> [PROMPT] An unchanged copy of every record below, without pictures, is the goal.

> [EXTRACTED INFORMATION]
++++

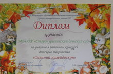 Нашему детскому саду был вручен диплом МУ "Управление образования" исполнительного комитета Арского муниципального района Республики Татарстан за участие в районном конкурсе детского творчества "Осенний калейдоскоп".
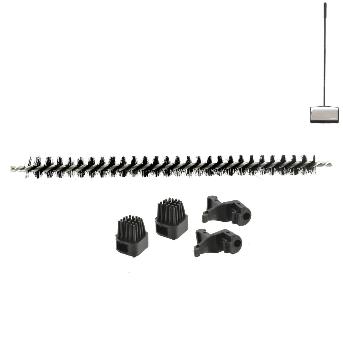 Malý náhradní kartáč včetně postranních úchytů je určen do zametače QUICK FLOOR, který díky systému rotačních kartáčů mechanicky sbírá do zásobníku nečistoty, aniž by potřeboval přívod elektrické energie.
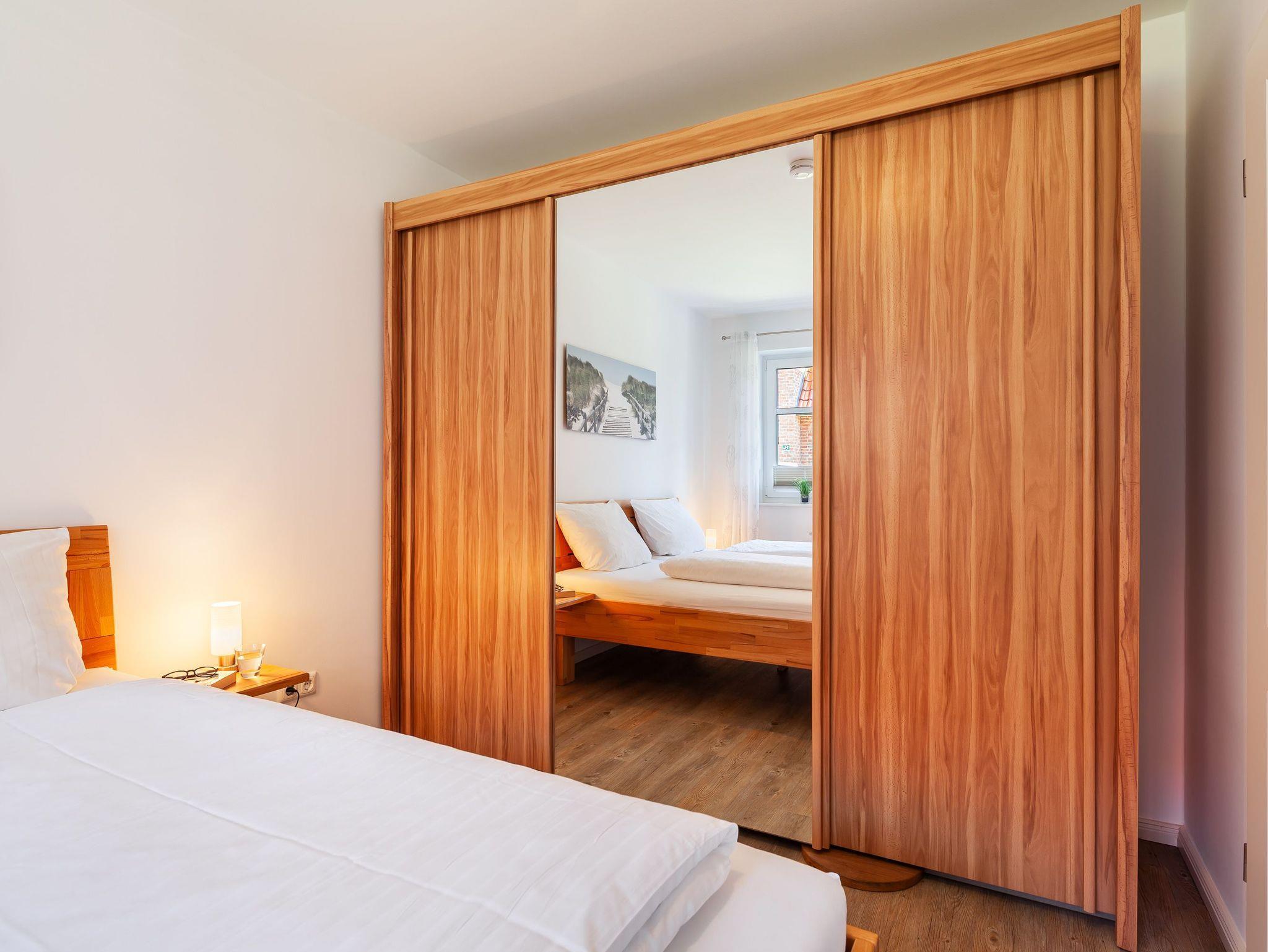 Die hell und modern eingerichtete Nichtraucher-Wohnung bietet Platz für max. vier Personen (zwei Schlafzimmer: einmal mit Doppelbett und einmal mit zwei Einzelbetten). Sie ist Allergiker geeignet. Die ebenerdige Wohnung ist auch für älteres Menschen und Menschen mit einer Gehbehinderung geeignet.
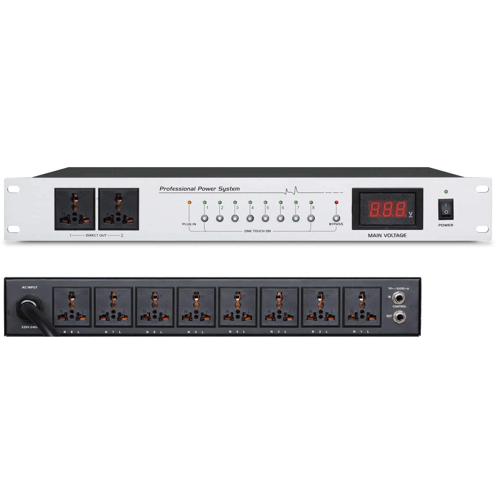 - 电源插座:后面板8个16A万用插座,1-4路带滤波功能,前面板2个直通16A万用插座
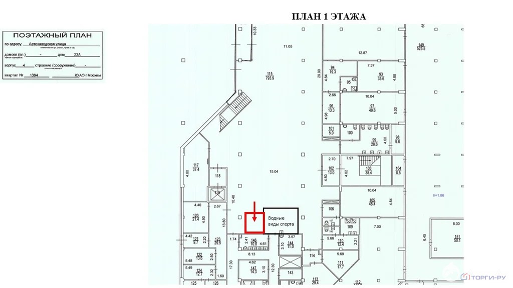 Нежилое помещение, 9 м | ЮАО, Даниловский р-н, Автозаводская ул., д. 23А, корп. 4, этаж 1, помещение № I, часть комнаты № 115
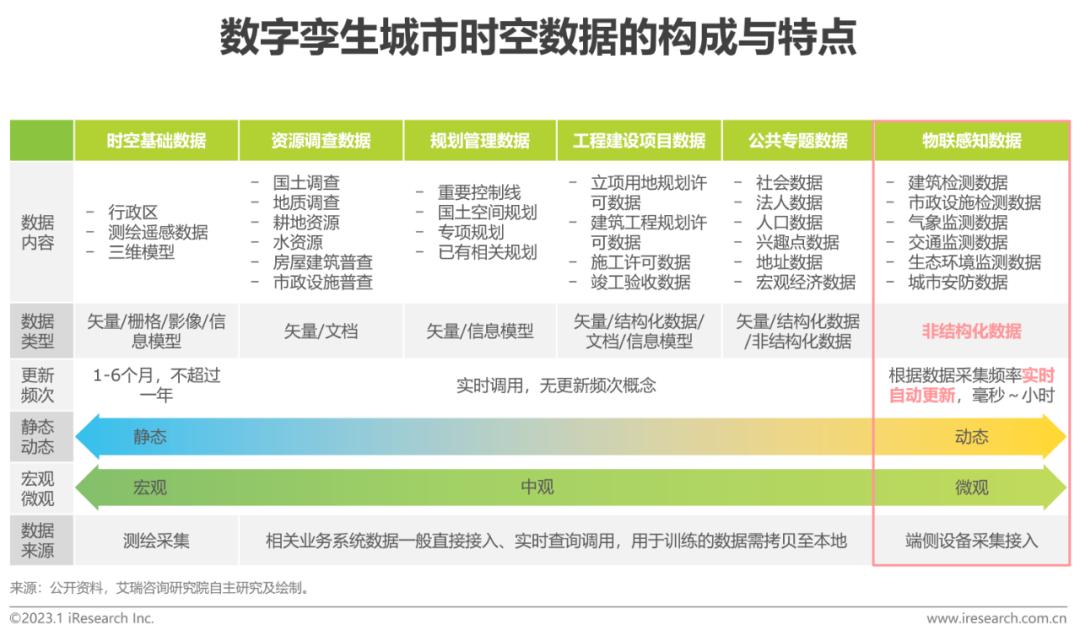 城市是自然与社会深度耦合的复杂系统,包含了自然资源和人造实体的动态、静态要素,要素的数字化、集约化管理形成了城市时空大数据资产。下表中,时空基础数据和相关业务专题数据支撑着真实、精准的城市信息模型构建,物联感知数据沿分布式算力网络流动革新,从“脏数据” 经清洗、加工、标签化逐步蜕变为专题数据以供上层BI分析调用。低质的输入必然导致低质的输出(GIGO),时空大数据的高效管理对孪生系统的价值释放至关重要,是使能北向应用的数字底座。此外,海量、多维、实时、非结构化的时空数据累积将对未来城市IT基础设施建设提出新要求。
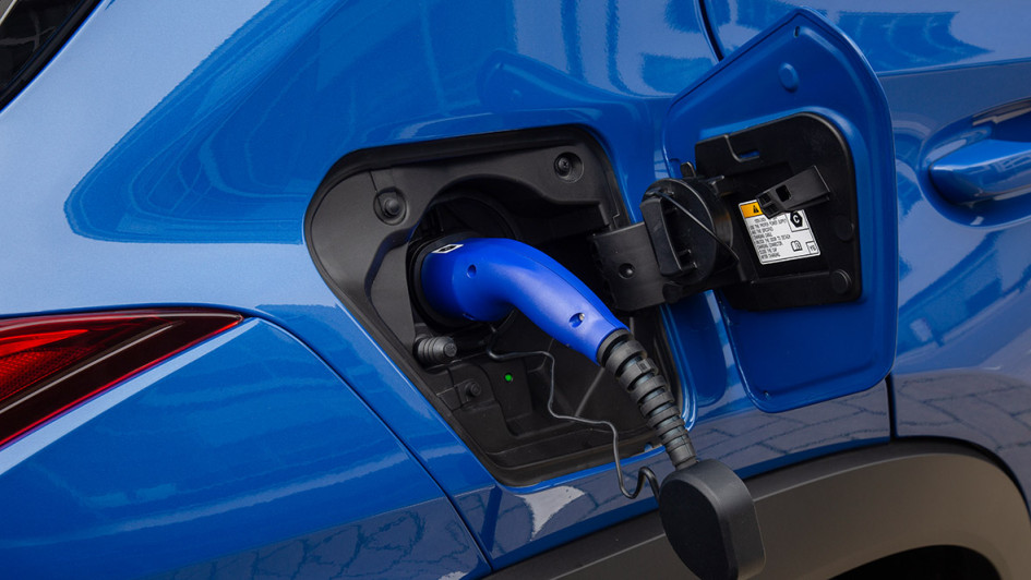 von 7: Das Fahrzeug besitzt zwei Ladeanschlüsse: Einen hinten rechts zum Wechselstrom-Laden (AC) und einen hinten links zum Gleichstrom-Laden (DC).
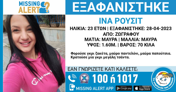 Στην ανακοίνωσή του το Χαμόγελο του Παιδιού αναφέρει πως «Στις 28/04/2023, πρωινές ώρες, η Ίνα Ρουσίτ, 23 ετών εξαφανίστηκε από την περιοχή Ζωγράφου, στην Αθήνα. Το «Χαμόγελο του Παιδιού» ενημερώθηκε για την εξαφάνιση της Ίνα Ρουσίτ και προχώρησε στη δημοσιοποίηση των στοιχείων της ενήλικης, κατόπιν αιτήματος της οικογένειας της, καθώς συντρέχουν λόγοι οι οποίοι θέτουν τη ζωή της σε κίνδυνο» αναφέρει το Χαμόγελο του Παιδιού.
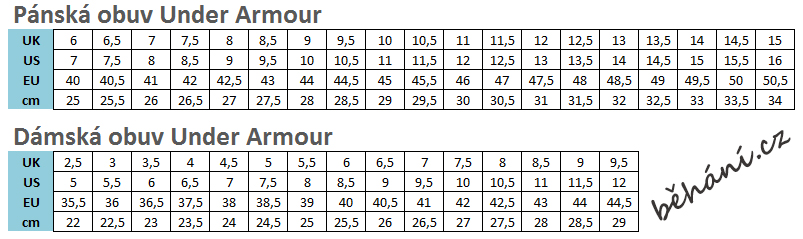 Under Armour Veľkostné tabuľky
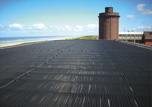 Auch in anderer Hinsicht musste der Installationsbetrieb das System genau an das Projekt anpassen. So musste er beispielsweise einplanen, dass die Insel Juist häufig von Stürmen heimgesucht wird. „Die Stürme darf man hier nicht unterschätzen. Die Konstruktion des Absorbers besteht deswegen aus einem robusten Stecksystem mit einzelnen Rippenrohren, die dem Wind keine Angriffsfläche für Auftrieb geben und mit am Dach befestigten Klammern zusätzlich gesichert sind“, sagt Thomas Lange. Da die Absorberanlage unbedeckt ist, hat sie keine Energieverluste durch aufliegende Glasscheiben. Zudem hat diese Lösung einen erheblichen Kostenvorteil. Mit Röhrenkollektoren hätte das Projekt etwa das Vierfache gekostet. „Wir arbeiten seit fast 25 Jahren mit Absorbersystemen. Solarthermie gewinnt zunehmend an Bedeutung, weil sich ihre Anwendungsbereiche immer stärker ausweiten, insbesondere in Kombination mit Wärmepumpen“, so Lange.
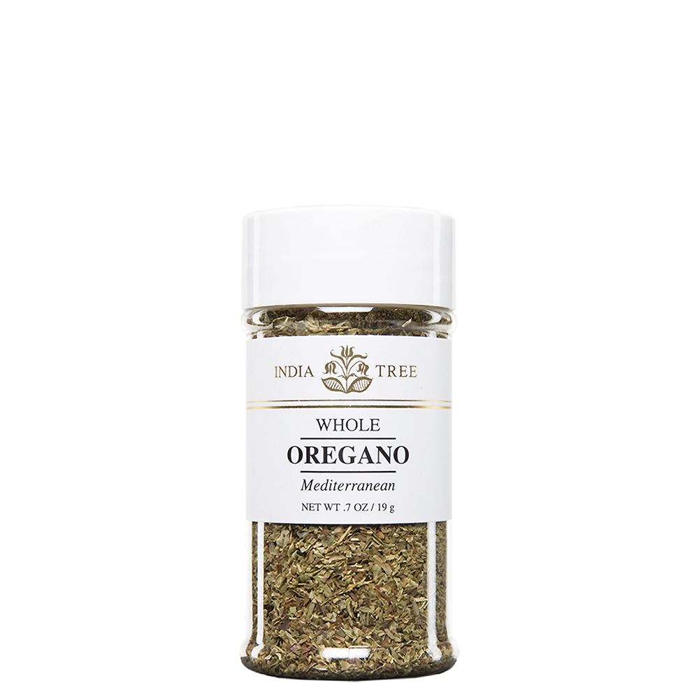 Mediterranean Oregano - dried oregano leaves with savory, herbal brightness for pizza, tomato sauces, Greek salads, marinades, and dressings. Synonyms: Greek oregano, dried oregano leaves, oregano herb.

++++

> [RESPONSE FOR THIS EXERCISE]
 Нашему детскому саду был вручен диплом МУ "Управление образования" исполнительного комитета Арского муниципального района Республики Татарстан за участие в районном конкурсе детского творчества "Осенний калейдоскоп".
 Malý náhradní kartáč včetně postranních úchytů je určen do zametače QUICK FLOOR, který díky systému rotačních kartáčů mechanicky sbírá do zásobníku nečistoty, aniž by potřeboval přívod elektrické energie.
 Die hell und modern eingerichtete Nichtraucher-Wohnung bietet Platz für max. vier Personen (zwei Schlafzimmer: einmal mit Doppelbett und einmal mit zwei Einzelbetten). Sie ist Allergiker geeignet. Die ebenerdige Wohnung ist auch für älteres Menschen und Menschen mit einer Gehbehinderung geeignet.
 - 电源插座:后面板8个16A万用插座,1-4路带滤波功能,前面板2个直通16A万用插座
 Нежилое помещение, 9 м | ЮАО, Даниловский р-н, Автозаводская ул., д. 23А, корп. 4, этаж 1, помещение № I, часть комнаты № 115
 城市是自然与社会深度耦合的复杂系统,包含了自然资源和人造实体的动态、静态要素,要素的数字化、集约化管理形成了城市时空大数据资产。下表中,时空基础数据和相关业务专题数据支撑着真实、精准的城市信息模型构建,物联感知数据沿分布式算力网络流动革新,从“脏数据” 经清洗、加工、标签化逐步蜕变为专题数据以供上层BI分析调用。低质的输入必然导致低质的输出(GIGO),时空大数据的高效管理对孪生系统的价值释放至关重要,是使能北向应用的数字底座。此外,海量、多维、实时、非结构化的时空数据累积将对未来城市IT基础设施建设提出新要求。
 von 7: Das Fahrzeug besitzt zwei Ladeanschlüsse: Einen hinten rechts zum Wechselstrom-Laden (AC) und einen hinten links zum Gleichstrom-Laden (DC).
 Στην ανακοίνωσή του το Χαμόγελο του Παιδιού αναφέρει πως «Στις 28/04/2023, πρωινές ώρες, η Ίνα Ρουσίτ, 23 ετών εξαφανίστηκε από την περιοχή Ζωγράφου, στην Αθήνα. Το «Χαμόγελο του Παιδιού» ενημερώθηκε για την εξαφάνιση της Ίνα Ρουσίτ και προχώρησε στη δημοσιοποίηση των στοιχείων της ενήλικης, κατόπιν αιτήματος της οικογένειας της, καθώς συντρέχουν λόγοι οι οποίοι θέτουν τη ζωή της σε κίνδυνο» αναφέρει το Χαμόγελο του Παιδιού.
 Under Armour Veľkostné tabuľky
 Auch in anderer Hinsicht musste der Installationsbetrieb das System genau an das Projekt anpassen. So musste er beispielsweise einplanen, dass die Insel Juist häufig von Stürmen heimgesucht wird. „Die Stürme darf man hier nicht unterschätzen. Die Konstruktion des Absorbers besteht deswegen aus einem robusten Stecksystem mit einzelnen Rippenrohren, die dem Wind keine Angriffsfläche für Auftrieb geben und mit am Dach befestigten Klammern zusätzlich gesichert sind“, sagt Thomas Lange. Da die Absorberanlage unbedeckt ist, hat sie keine Energieverluste durch aufliegende Glasscheiben. Zudem hat diese Lösung einen erheblichen Kostenvorteil. Mit Röhrenkollektoren hätte das Projekt etwa das Vierfache gekostet. „Wir arbeiten seit fast 25 Jahren mit Absorbersystemen. Solarthermie gewinnt zunehmend an Bedeutung, weil sich ihre Anwendungsbereiche immer stärker ausweiten, insbesondere in Kombination mit Wärmepumpen“, so Lange.
 Mediterranean Oregano - dried oregano leaves with savory, herbal brightness for pizza, tomato sauces, Greek salads, marinades, and dressings. Synonyms: Greek oregano, dried oregano leaves, oregano herb.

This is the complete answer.